The CUG-BP and ETR-3-like factor 1 (Celf1) RNA binding protein plays an important role in heart and muscle development, and is over-expressed in the disease myotonic dystrophy. Celf1 has known roles in regulation of RNA splicing, RNA stability, and protein translation. To identify transcriptome-wide targets of the Celf1 protein in heart, we performed RNA-Seq of polyA+ RNA from mice inducibly expressing Celf1 in the muscle. Mice were engineered to express the reverse tetracycline trans-activator (rtTA2S-M2) from the rate myosin light chain 1/3 promoter/enhancer, and an N-terminal Flag-tagged version of the LYLQ isoform of human Celf1 from a tet-inducible promoter. Mice were fed doxycycline to induce Celf1 expression in muscle, and gastrocnemius muscles were harvested from 3 mice each at 12 hour, 24 hour, 72 hour, and 7 day time points. To account for potential doxycycline-dependent effects, control mice were fed doxycycline for 72 hours but these mice did not contain the tet-inducible Celf1 cassette. In total, 15 gastrocnemius samples were analyzed by RNA-Seq.

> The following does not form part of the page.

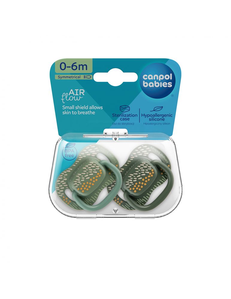 Canpol Babies Smoczek uspokajający silikonowy symetryczny Mounstains 0-6m 2szt. zielone

CUG-BP与ETR-3样因子1（CUG-BP and ETR-3-like factor 1，简称Celf1）RNA结合蛋白在心脏与肌肉发育过程中发挥关键作用，且在肌强直性营养不良（myotonic dystrophy）患者体内呈现过表达状态。已知Celf1可调控RNA剪接、RNA稳定性及蛋白质翻译进程。为鉴定心脏中Celf1蛋白的全转录组靶点，我们对肌肉中可诱导表达Celf1的小鼠的聚腺苷酸化RNA（polyA+ RNA）开展了RNA测序（RNA-Seq）实验。我们构建了两类基因工程小鼠：一类通过大鼠肌球蛋白轻链1/3启动子/增强子（rat myosin light chain 1/3 promoter/enhancer）表达反向四环素反式激活因子（reverse tetracycline trans-activator, rtTA2S-M2）；另一类通过四环素诱导型启动子（tet-inducible promoter）表达人源Celf1的LYLQ亚型的N端Flag标签融合蛋白。给小鼠喂食多西环素（doxycycline）以诱导肌肉中Celf1的表达，分别在12小时、24小时、72小时及7天四个时间点各采集3只小鼠的腓肠肌（gastrocnemius muscles）组织。为排除多西环素本身可能带来的非特异性影响，我们设置了对照组小鼠：该组小鼠同样喂食多西环素72小时，但不携带四环素诱导型Celf1表达盒。本次研究共获得15份腓肠肌样本，均通过RNA-Seq完成分析。